[[ Records for the task, beginning ]]
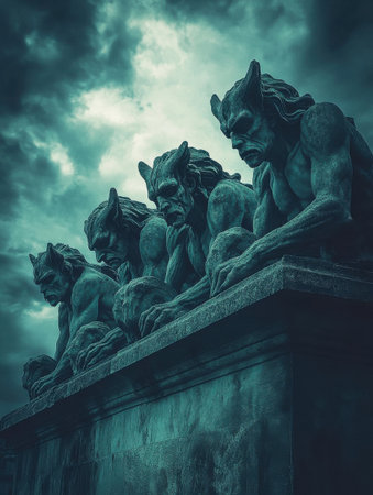 Dark Teal Gothic Demon Statues Dramatic Sky Ancient Evil Sculpture art grim stone devil fiend beast
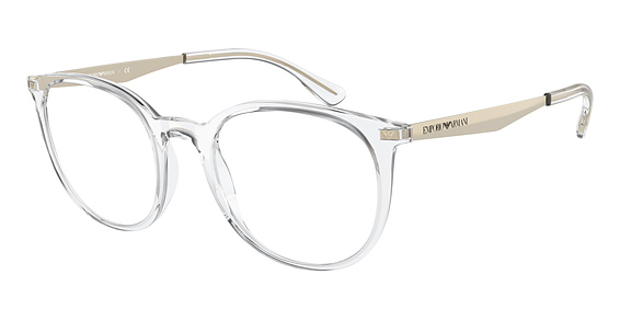 Emporio Armani EA3168 in Shiny Transparent Tundra. This model features an eye catching shape to complement your facial features.The frame is made from quality materials, balancing weight and strength for your ultimate comfort.
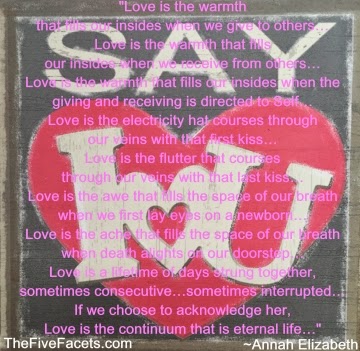 Love is the warmth that fills our insides when we give to others… Love is the warmth that fills our insides when we receive from others… Love is the warmth that fills our insides when the giving and receiving is directed to Self…
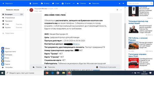 Всех приветствую на своем канале. Мы подавали 31 марта данные всех наших сотрудников для получения пропуска на передвижение. Наша компания является подрядчиком МГТС и свою работу мы остановить не можем. Пропуск мы ждали к пятнадцатому числу, но он так и не пришел. Пришлось самому забивать данные на сайте. Ничего там сложного и страшного не оказалось. Забил все данные и мне пришел на почту электронный пропуск с QR кодом. Сегодня утром мне пришел электронный пропуск автоматически. Меня это письмо очень удивило, потому что я ничего не заказывал...
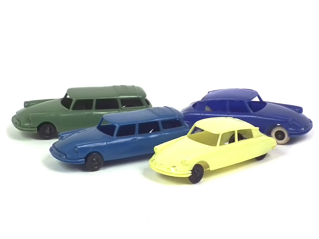 échelle 1/48ème - comprend les modèles : ID19 break 'BONUX' (marquage en relief sur le toit, 2 exemplaires différents) & DS19 (2 exemplaires différents dont un avec marquage 'BONUS' en relief sur le plancher)
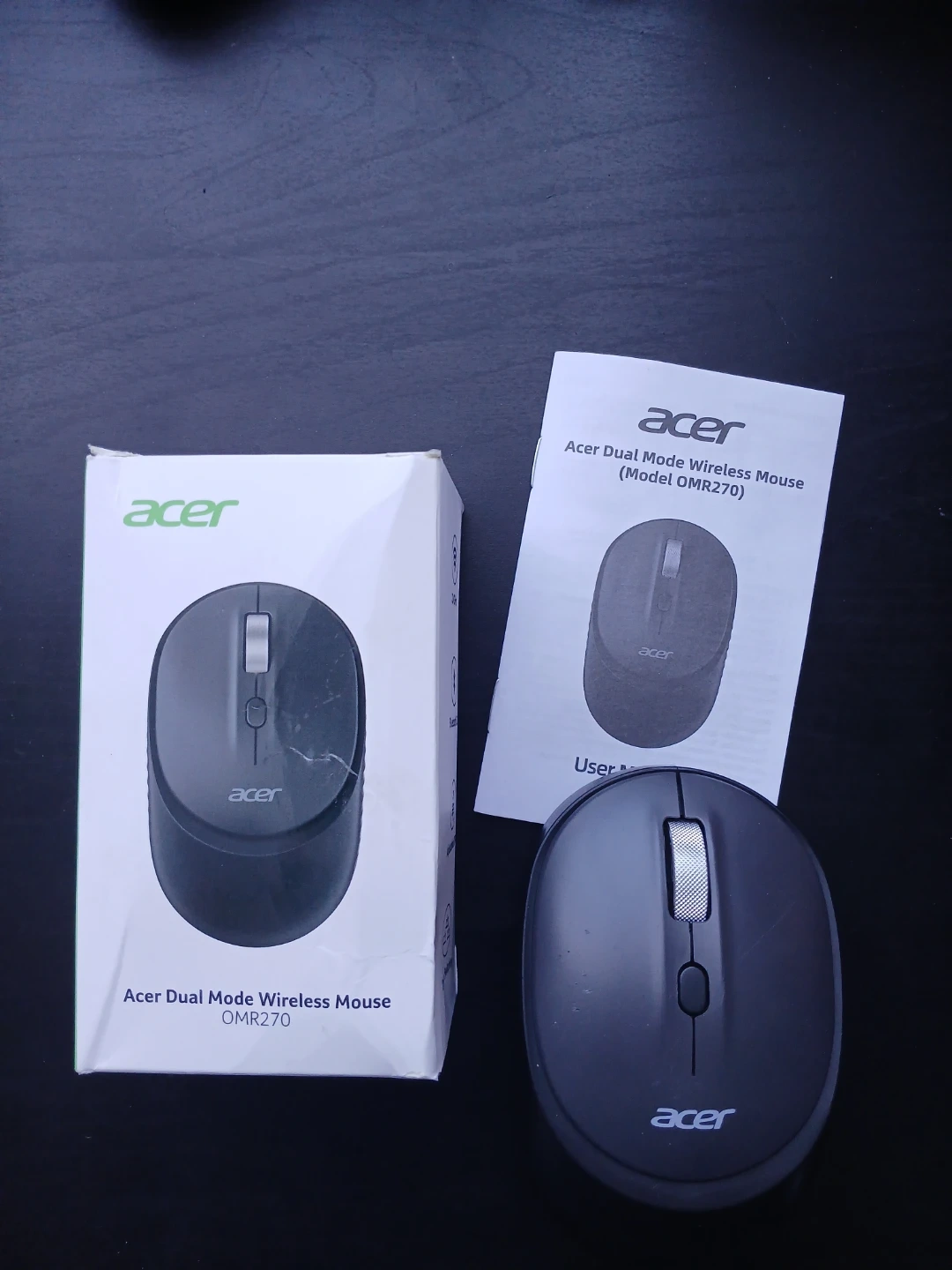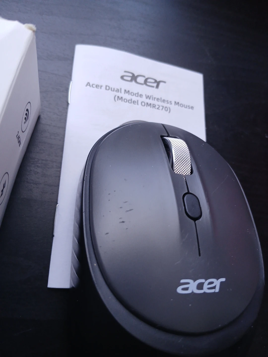 This is an Acer Dual Mode Wireless Mouse, model OMR270. It supports both 2.4G and Bluetooth connections. It's a wireless mouse for your computer needs.
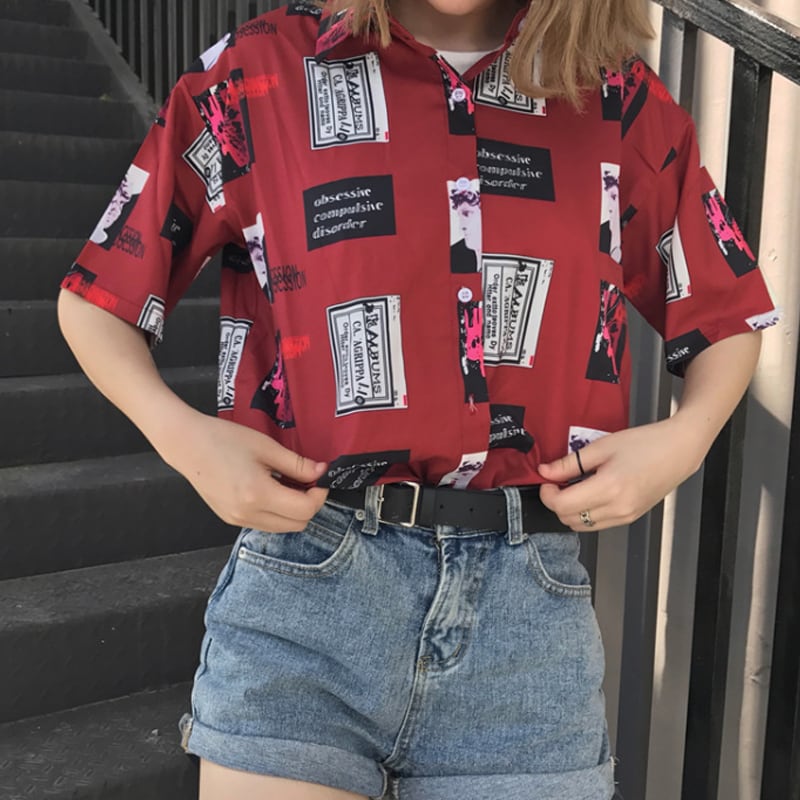 春 夏 レディース シャツ ブラウス ワイシャツ レッド 赤 半袖 トップス かわいい トップス 半袖 襟付きトップス 韓国トップス リゾート 海 プール おしゃれ かわいい 韓国 きれいめ プチプラ SY-5-293 | dress_sugar_moon
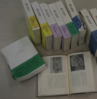 他に瀧口修造全集などもそろっているが、痛んだ箱には地震のつめ跡も残る。
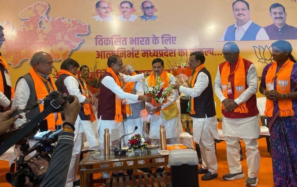 #WATCH | BJP leaders including Shivraj Singh Chauhan, congratulate party leader Mohan Yadav after he was named as the new Chief Minister of Madhya Pradesh pic.twitter.com/SibAIt4Cnh
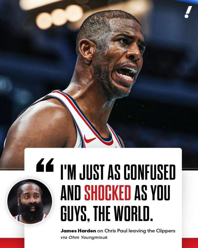 此前哈登在回应保罗与快船突然分道扬镳一事时表示:"睡醒看到新闻,我和全世界一样感到惊讶和疑惑。"
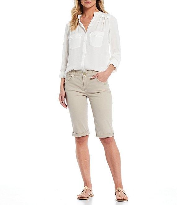 From Democracy Petite, these shorts feature: Stretch fabrication Belt loops 5-pocket style Cuffed hemline Button and zip fly closure Approx. 11.5" cuffed, 13.5" uncuffed inseam, 17" leg opening Cotton/spandex Machine wash Imported.
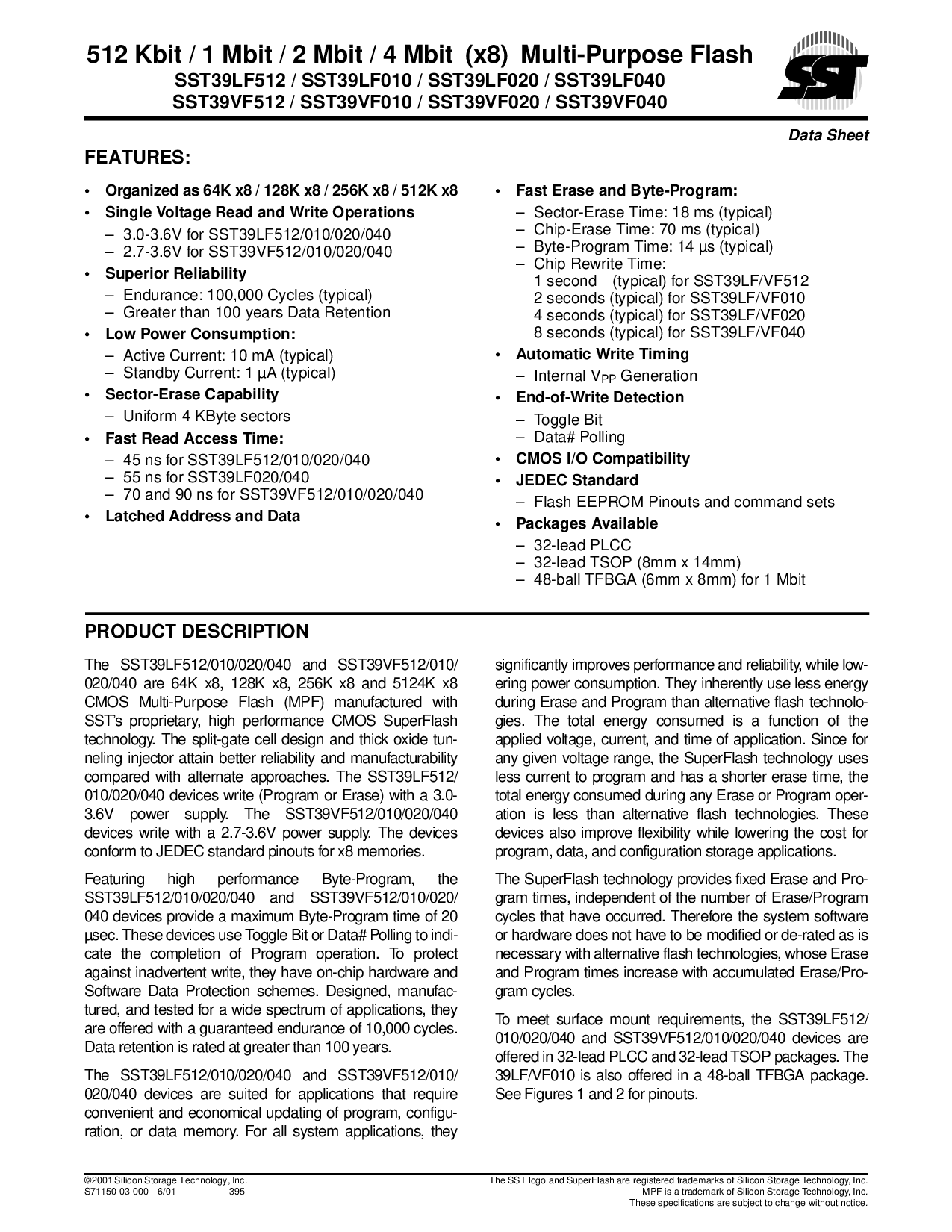 sst39vf512 / sst39vf010 / sst39vf020 / sst39vf040
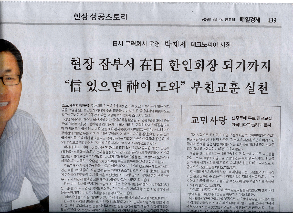 우리 동경교회의 박재세 장로님에 대한 기사가 9월 4일자 매일경제신문 B9 면에 전면기사로 게재되었기에 축하드리며, 관련 내용을 올려 드립니다.
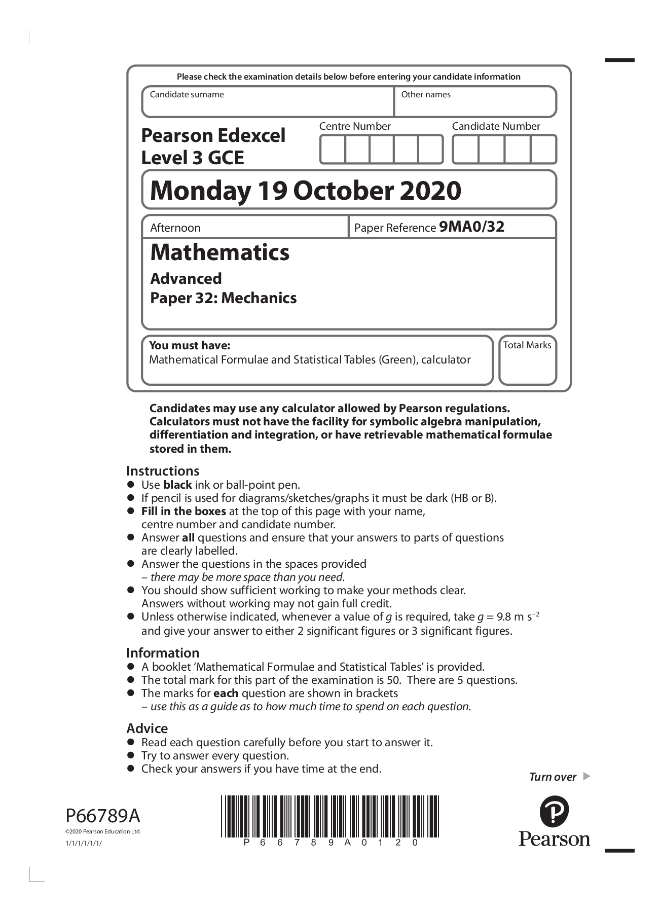 Mathematics > Edexcel > Pearson Edexcel_Further Mathematics_9MA0/32 Question Paper_2020 | Paper 32: Mechanics (All)
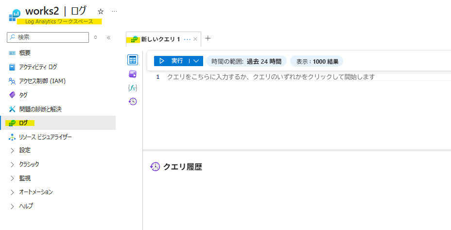 リソース コンテキストで Log Analytics ワークスペースにアクセスする場合は以下の通りです。
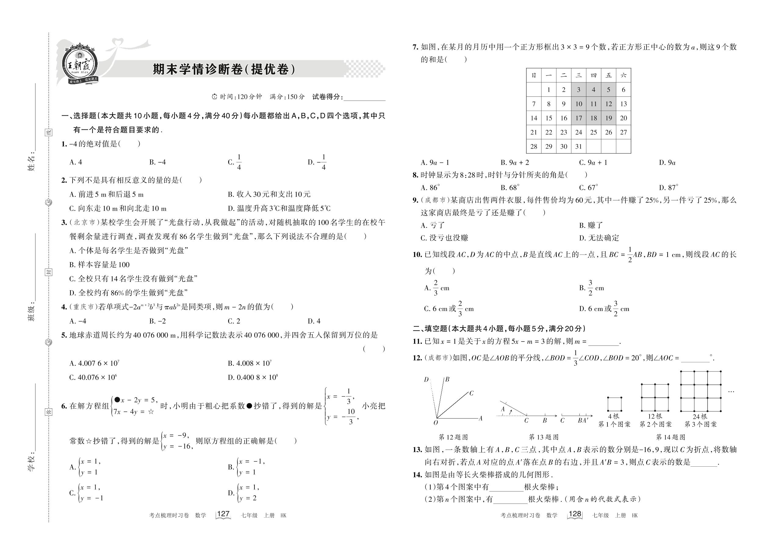 七年级数学沪科版上册期末卷
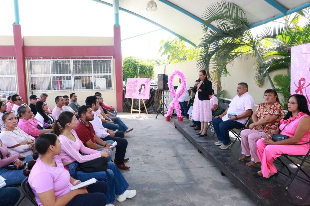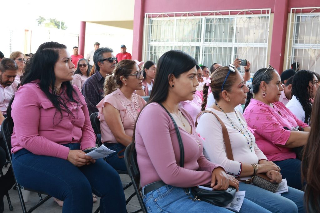 La presidenta municipal, Maestra Anabel Guerrero, destacó la importancia de fomentar la cultura del autoexamen y las revisiones médicas periódicas como herramientas clave para la detección temprana del cáncer de mama.
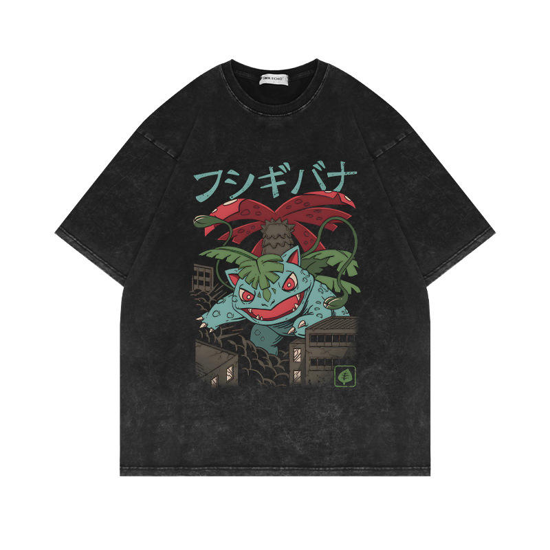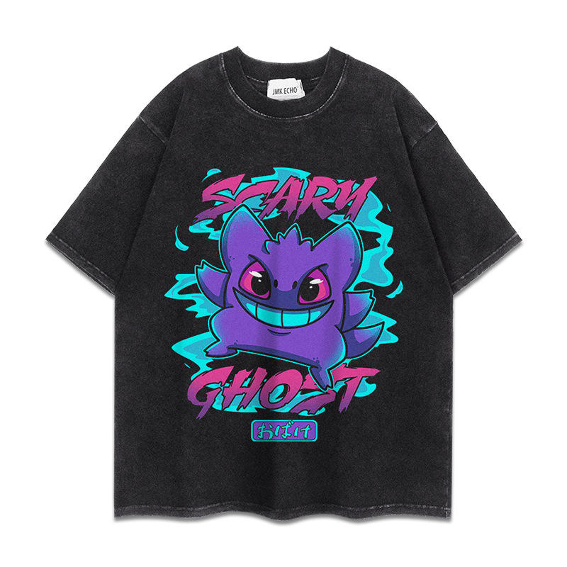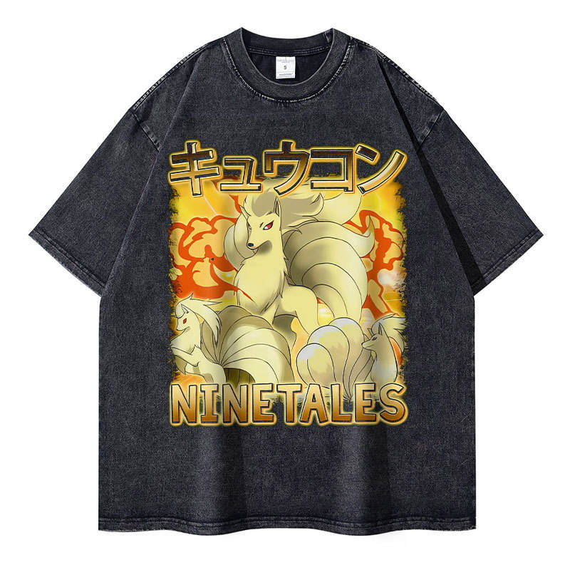 T-shirt da Uomo Personalizzata in Cotone 100% Nero Pesante 240 Grammi, Lavaggio Acido Vintage con Grafica Pokémon Pikachu Anime
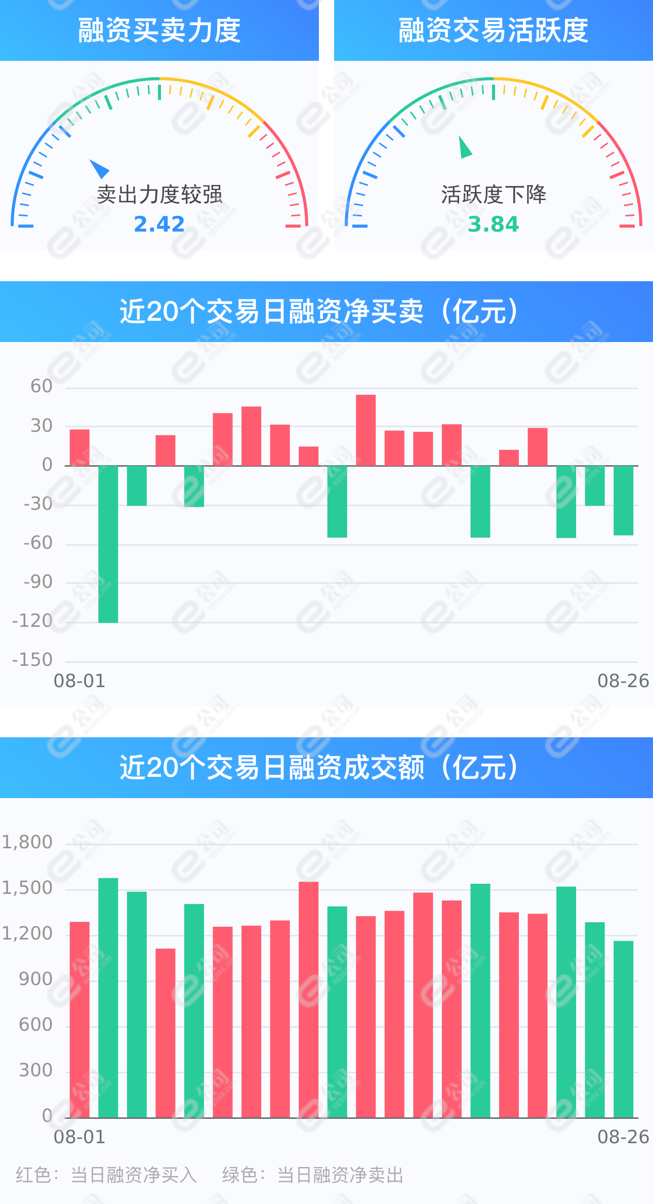 证券时报e公司讯,截至8月26日,上交所融资余额报8137.30亿元,较前一交易日减少32.36亿元;深交所融资余额报7072.18亿元,较前一交易日减少21.03亿元;两市合计15209.47亿元,较前一交易日减少53.40亿元,融资交易额1160.58亿元,占A股成交额12.54%,其中融资买入额553.59亿元,融资偿还额606.99亿元,交易活跃度下降9.58%。
[[ Records for the task, end ]]
Only the lines from the first line of the data above through the line with "Love is the warmth that fills our insides when we give" should appear in the answer, retyped exactly, with every picture left out.

 Dark Teal Gothic Demon Statues Dramatic Sky Ancient Evil Sculpture art grim stone devil fiend beast
 Emporio Armani EA3168 in Shiny Transparent Tundra. This model features an eye catching shape to complement your facial features.The frame is made from quality materials, balancing weight and strength for your ultimate comfort.
 Love is the warmth that fills our insides when we give to others… Love is the warmth that fills our insides when we receive from others… Love is the warmth that fills our insides when the giving and receiving is directed to Self…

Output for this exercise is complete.